DESCRIPTION (provided by applicant): The carefully orchestrated movement of ions across cellular membranes is crucial to virtually every biological process. Ion channels play thereby a central role by allowing the regulated flow of relevant ions through their aqueous pore. In the past few decades, progress made in Molecular Biology and Genomics has revealed the unsuspected variety of ion channels expressed in our membranes. The family of TRP channels with more than two dozens of members in humans that function as biosensors and signal integrators is a good illustration of this development. It includes the only known examples of ionic pores fused to enzymatic regions, so-called "chanzymes". TRPM7 and its close relative TRPM6 both harbor a kinase region at their C-terminus that is capable of phosphorylating protein substrates on Serine/Threonine residues. TRPM7 is widely distributed and has been shown to be an essential and irreplaceable molecule in several genetic models, including a B-lymphocyte cell line called DT40. TRPM7-deficiency in this context results in cell growth arrest and death, unless the extracellular media is supplemented with Mg2+, suggesting a role for TRPM7 in Mg2+- homeostasis regulation. Despite these insights into TRPM7's physiological function, the significance of its kinase region remains unclear. Understanding the role of this unique domain holds the promise to shed some light on novel mechanisms of cellular adjustments to a changing ionic environment. The main goal of this proposal is to investigate the relationship between the channel and kinase portions of TRPM7 by utilizing a combination of biochemistry, genetics and biophysics approaches, allowing for a detailed function-structure relationship study. We plan to determine how altering the ionic selectivity of TRPM7 channels through pore mutations might affect its kinase activity. Furthermore the functional importance of the covalent link between kinase and channel will be assessed by studying liberated domains and through the introduction of linker structures. Finally, we also designed experiments allowing us to define molecular determinants of channel assembly and trafficking to the cell surface.

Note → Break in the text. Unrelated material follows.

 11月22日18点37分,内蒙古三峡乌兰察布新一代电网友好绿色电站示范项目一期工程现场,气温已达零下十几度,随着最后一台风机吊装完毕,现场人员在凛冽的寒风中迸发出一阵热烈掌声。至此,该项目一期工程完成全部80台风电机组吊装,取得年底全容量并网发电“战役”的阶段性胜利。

描述（由申请人提供）：离子在细胞膜上精心策划的运动对于几乎每个生物过程至关重要。离子通道通过允许相关离子通过其水性孔的调节流动来发挥核心作用。在过去的几十年中，分子生物学和基因组学取得的进展揭示了我们膜中表达的无离子通道的多种多样。在人类中充当生物传感器和信号积分器的人类中有二十多名成员的TRP通道家族是这一发展的很好的例证。它包括唯一已知的离子孔融合到酶区域的离子孔，即所谓的“ chanzymes”。 TRPM7及其接近的相对TRPM6都在其C末端具有激酶区域，该区域能够在丝氨酸/苏氨酸残基上磷酸化蛋白质底物。 TRPM7被广泛分布，在几种遗传模型中已被证明是必不可少的，不可替代的分子，包括称为DT40的B淋巴细胞细胞系。在这种情况下，TRPM7缺陷会导致细胞生长停滞和死亡，除非细胞外培养基补充MG2+，这表明TRPM7在MG2+ - 稳态调节中的作用。尽管对TRPM7的生理功能有了这些见解，但其激酶区域的重要性仍不清楚。了解这个独特的领域的作用有望阐明细胞调整到不断变化的离子环境的新机制。 该提案的主要目的是通过利用生物化学，遗传学和生物物理学方法的组合来研究TRPM7的通道和激酶部分之间的关​​系，从而允许进行详细的功能结构关系研究。我们计划确定如何通过孔突变改变TRPM7通道的离子选择性可能会影响其激酶活性。此外，将通过研究解放域和引入接头结构来评估激酶与通道之间共价链接的功能重要性。最后，我们还设计了实验，使我们能够定义通道组装的分子决定因素，并运输到细胞表面。